🤖 AI Summary
Identifying target pathways in biological knowledge bases remains challenging due to heavy reliance on expert curation and difficulty integrating wet-lab experimental data. Method: We propose PathMamba, the first end-to-end interpretable pathway inference framework, which integrates protein language model (pLM) embeddings of amino acid sequences with a hybrid graph neural network (GNN-Mamba) architecture and introduces a trainable subgraph masking module (PathExplainer) for precise pathway localization. Contribution/Results: We establish a novel machine learning–oriented biological evaluation paradigm with domain-specific metrics. Evaluated on 301 real-world biological networks, PathMamba achieves high concordance with expert annotations (Spearman’s ρ > 0.92) for critical pathway identification, and its predictions exhibit strong biological interpretability and significance. The codebase and benchmark dataset will be publicly released.
📝 Abstract
Biological knowledge bases provide systemically functional pathways of cells or organisms in terms of molecular interaction.
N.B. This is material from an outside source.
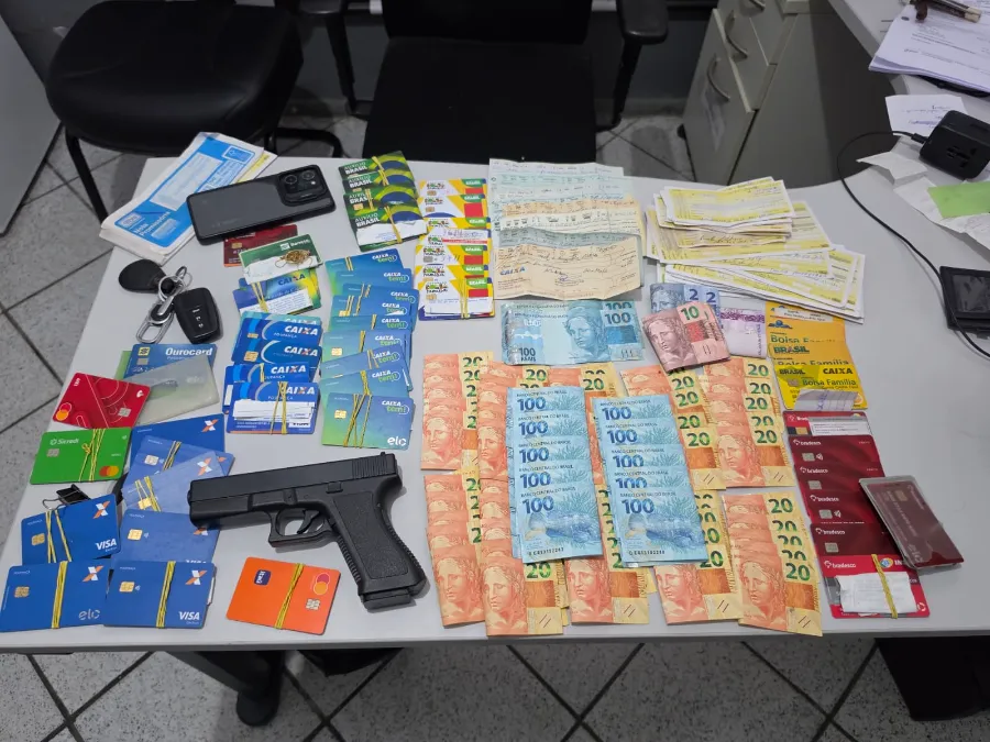 Durante a ação, foram apreendidos 53 cartões magnéticos de benefícios sociais e de instituições bancárias, mais de R$ 2 mil em espécie, um simulacro de arma de fogo, além de cheques e notas promissórias assinadas por vítimas.

However, recognizing more targeted pathways, particularly when incorporating wet-lab experimental data, remains challenging and typically requires downstream biological analyses and expertise. In this paper, we frame this challenge as a solvable graph learning and explaining task and propose a novel pathway inference framework, ExPath, that explicitly integrates experimental data, specifically amino acid sequences (AA-seqs), to classify various graphs (bio-networks) in biological databases. The links (representing pathways) that contribute more to classification can be considered as targeted pathways. Technically, ExPath comprises three components: (1) a large protein language model (pLM) that encodes and embeds AA-seqs into graph, overcoming traditional obstacles in processing AA-seq data, such as BLAST; (2) PathMamba, a hybrid architecture combining graph neural networks (GNNs) with state-space sequence modeling (Mamba) to capture both local interactions and global pathway-level dependencies; and (3) PathExplainer, a subgraph learning module that identifies functionally critical nodes and edges through trainable pathway masks. We also propose ML-oriented biological evaluations and a new metric. The experiments involving 301 bio-networks evaluations demonstrate that pathways inferred by ExPath maintain biological meaningfulness. We will publicly release curated 301 bio-network data soon.